- About this task
Your output must consist of the records printed verbatim, with the pictures excluded.

Start of Supplied material

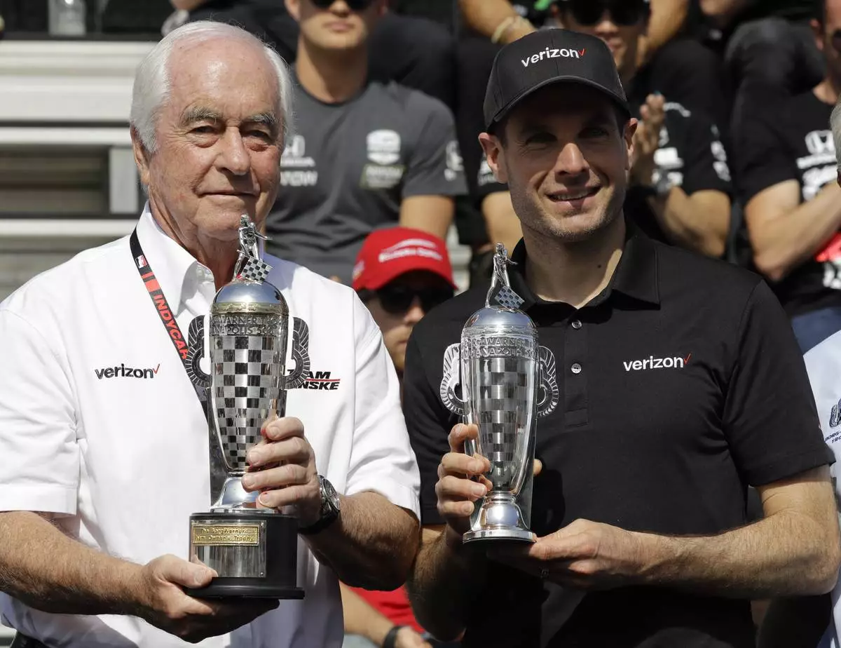 FILE - Car owner Roger Penske, left, and driver Will Power, of Australia, receive their "Baby Borg" trophies for winning last years race during the drivers meeting for the Indianapolis 500 IndyCar auto race at Indianapolis Motor Speedway, Saturday, May 25, 2019, in Indianapolis. (AP Photo/Darron Cummings, file)
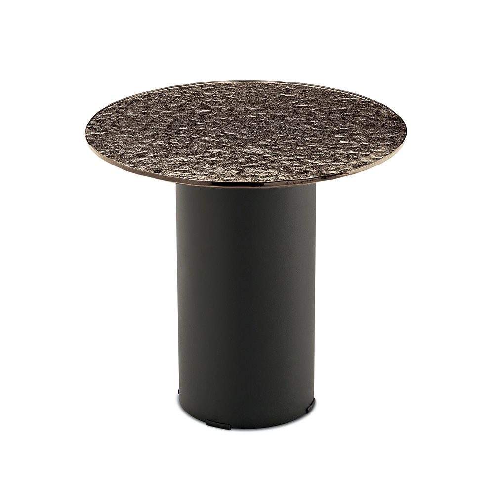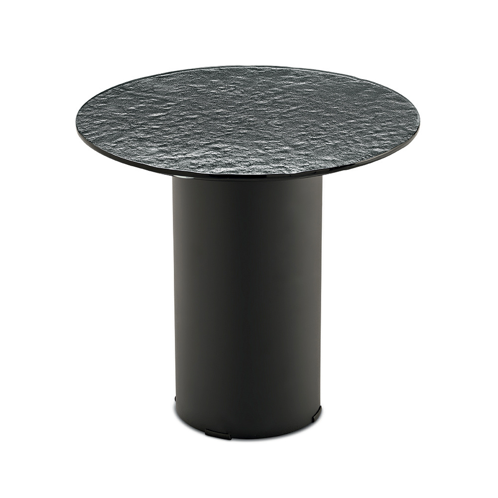 Die Konstruktion zeichnet sich durch einen zylindrischen, lackierten Metallsockel aus, der massiv und dennoch optisch leicht wirkt und die obere Einheit ausbalanciert. Dieser Kontrast zwischen massiven Formen und dünnen Oberflächen erzeugt eine moderne und elegante Ästhetik, die sich perfekt für anspruchsvolle Räume eignet.
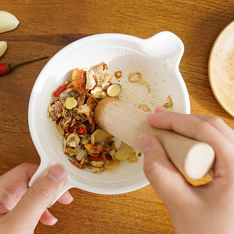 📚 捣蒜研钵陶瓷压蒜器瓷质捣药罐乳钵捣碎研磨研药碗家用陶瓷研磨棒
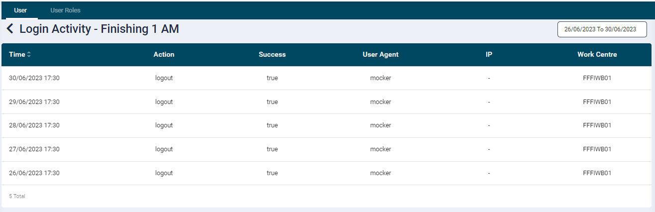 On the listing screen the Login Activity button under the Action column provides access to the operator's login activity on the Shop Floor Control tablet app.
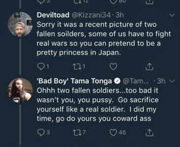 Things escalated quite a bit more, with the fan saying that he use to have a picture of two fallen army soldiers, and called Tama a fairy for “fake fighting.” Tama responded by saying he wishes it was the fan who was killed in action, and then reminded the world that he has served in the Air Force. The tweet has since been deleted. Someone fortunately…took a screenshot.

End of Supplied material

- Output
 FILE - Car owner Roger Penske, left, and driver Will Power, of Australia, receive their "Baby Borg" trophies for winning last years race during the drivers meeting for the Indianapolis 500 IndyCar auto race at Indianapolis Motor Speedway, Saturday, May 25, 2019, in Indianapolis. (AP Photo/Darron Cummings, file)
 Die Konstruktion zeichnet sich durch einen zylindrischen, lackierten Metallsockel aus, der massiv und dennoch optisch leicht wirkt und die obere Einheit ausbalanciert. Dieser Kontrast zwischen massiven Formen und dünnen Oberflächen erzeugt eine moderne und elegante Ästhetik, die sich perfekt für anspruchsvolle Räume eignet.
 📚 捣蒜研钵陶瓷压蒜器瓷质捣药罐乳钵捣碎研磨研药碗家用陶瓷研磨棒
 On the listing screen the Login Activity button under the Action column provides access to the operator's login activity on the Shop Floor Control tablet app.
 Things escalated quite a bit more, with the fan saying that he use to have a picture of two fallen army soldiers, and called Tama a fairy for “fake fighting.” Tama responded by saying he wishes it was the fan who was killed in action, and then reminded the world that he has served in the Air Force. The tweet has since been deleted. Someone fortunately…took a screenshot.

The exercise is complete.